L'insuffisance surrénale aiguë est une urgence thérapeutique qui met en jeu le pronostic vital. Les sites d'associations de patients se font l'écho de mésaventures de patients pour lesquels la gestion de la crise d'insuffisance surrénale n'a non seulement pas été optimale, mais a même entraîné des décès attribuables à une décompensation aiguë (http://www.addisons.org.uk/info/experiences). Une insuffisance surrénale aiguë a été retenue comme étant responsable de 36 des 507 décès (7 %) du registre suédois de patients addisonniens (1) et de 59 des 106 décès brutaux inattendus (56 %) dans une cohorte américaine de 6 107 patients traités par hormone de croissance (2).
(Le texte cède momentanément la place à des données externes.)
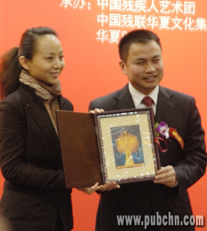 生命阳光馆爱心大使、中国残疾人艺术团团长邰丽华(左)向太阳雨太阳能营销总经理陈荣华(右)赠送“千手观音”金画。
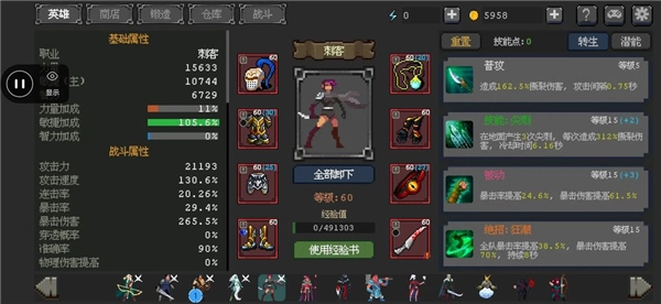 作为队伍的核心输出之一,该角色需要完成4次及以上的转生。技能方面,优先选择“敌人距离越近伤害越高”和“普攻时有30%概率发射3个攻击”这两个效果。装备搭配上,穿戴百发百中套装,项链与戒指的宝石以冷却属性为主;其暴击率可自行满足需求,对刺客的依赖程度较低。后续培养可侧重普攻、连击和冷却这几个方向。
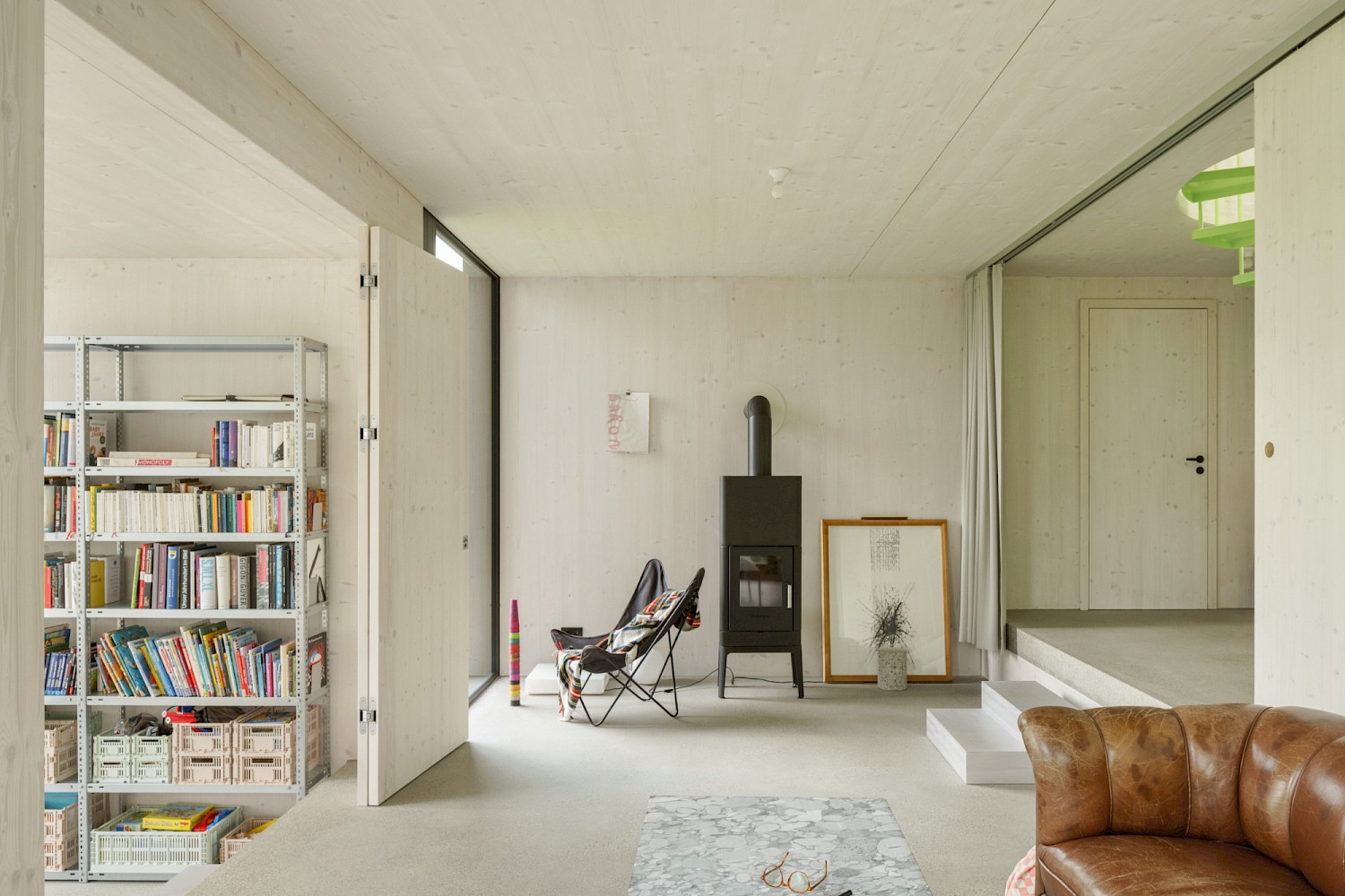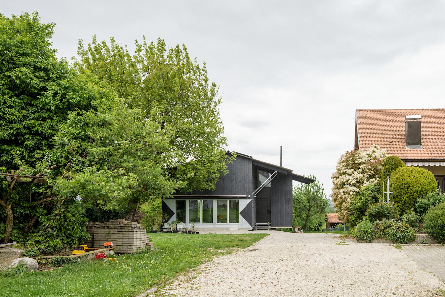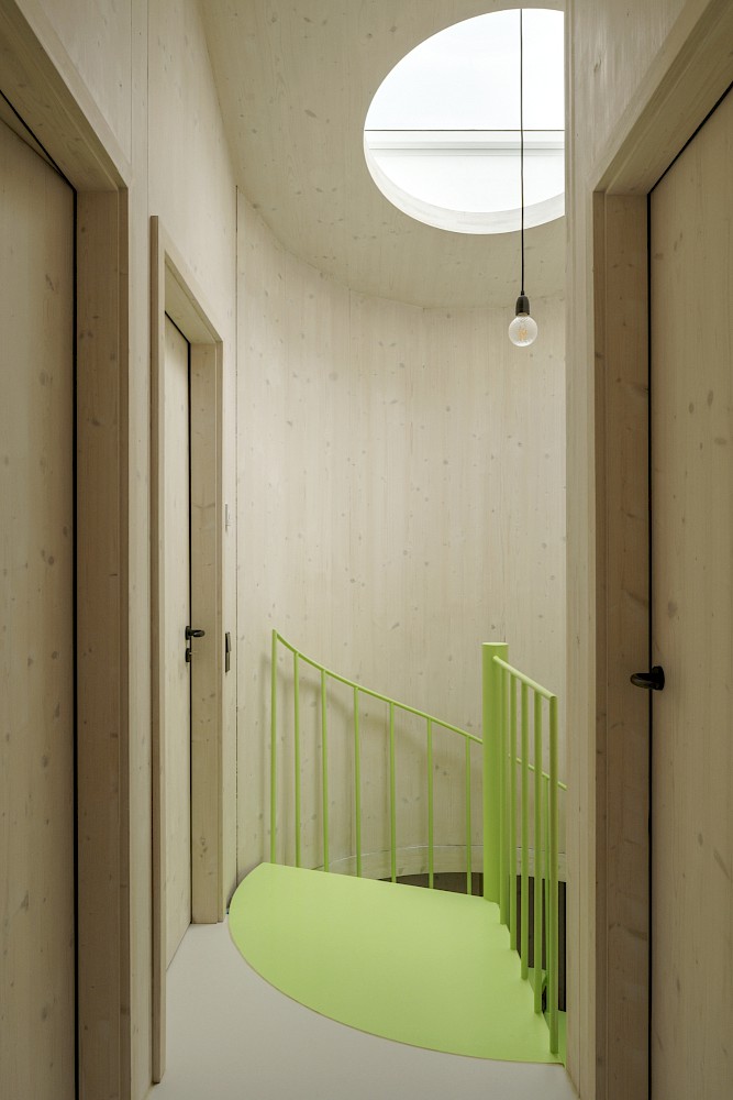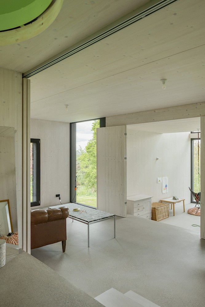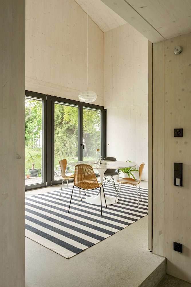 Die verwendeten Materialien sind der Umgebung entliehen und spiegeln den pragmatischen ländlichen Kontext wieder, greifen bestehende Stilmerkmale auf und interpretiert diese.Durch die einfache Bauweise mit wenigen Konstruktionsschichten werden die Oberflächen überwiegend roh belassen und erhalten durch eine Lasur oder Ölung eine Veredelung und Sichtbarkeit. Die massiven Holzwände aus Fichte werden als fertige Wandoberflächen belassen und lediglich weiss lasiert, der Holzbau bleibt somit subtil wahrnehmbar. Der Zementestrich am Boden ist geschliffenen und bleibt ohne weiteren Belag. Die sägerauen Bretter der Fassade sind schwarz gestrichen und zitieren mit der schwarzen Welleindeckung die landwirtschaftlichen Scheunen.

Son incidence est d'environ 6 à 7,5/100 patients-année (3, 4). Entre 20 et 44 % des patients (traités) ont eu au moins 1 crise d'insuffisance surrénale aiguë et 10 % des patients ont déjà fait plusieurs crises aiguës (3-7).

Il n'existe pas de profil type du patient susceptible de faire une insuffisance surrénale aiguë, même si certains facteurs ont été retrouvés associés à un risque accru de décompensation, comme l'origine périphérique de l'insuffisance surrénale, le sexe féminin, l'âge élevé lors du diagnostic d'insuffisance surrénale, ou encore des troubles des fonctions supérieures ou un diabète insipide (4, 7, 8).

Les principaux facteurs de décompensation (ou les premiers symptômes) sont les troubles digestifs (vomissements et/ou diarrhée) dans 33 à 56 % des cas et les infections dans 17 à 24 % des cas (3, 4) [figure].

FIGURE SURRENALE 2013

Légende. Fréquence des différents facteurs de décompensation d'insuffisance surrénale aiguë dans 2 grandes études.Les autres facteurs sont multiples : une chirurgie, un accouchement, une forte émotion, des douleurs intenses, une fatigue importante, une interruption du traitement, etc. Parfois, aucun facteur de décompensation n'est identifiable.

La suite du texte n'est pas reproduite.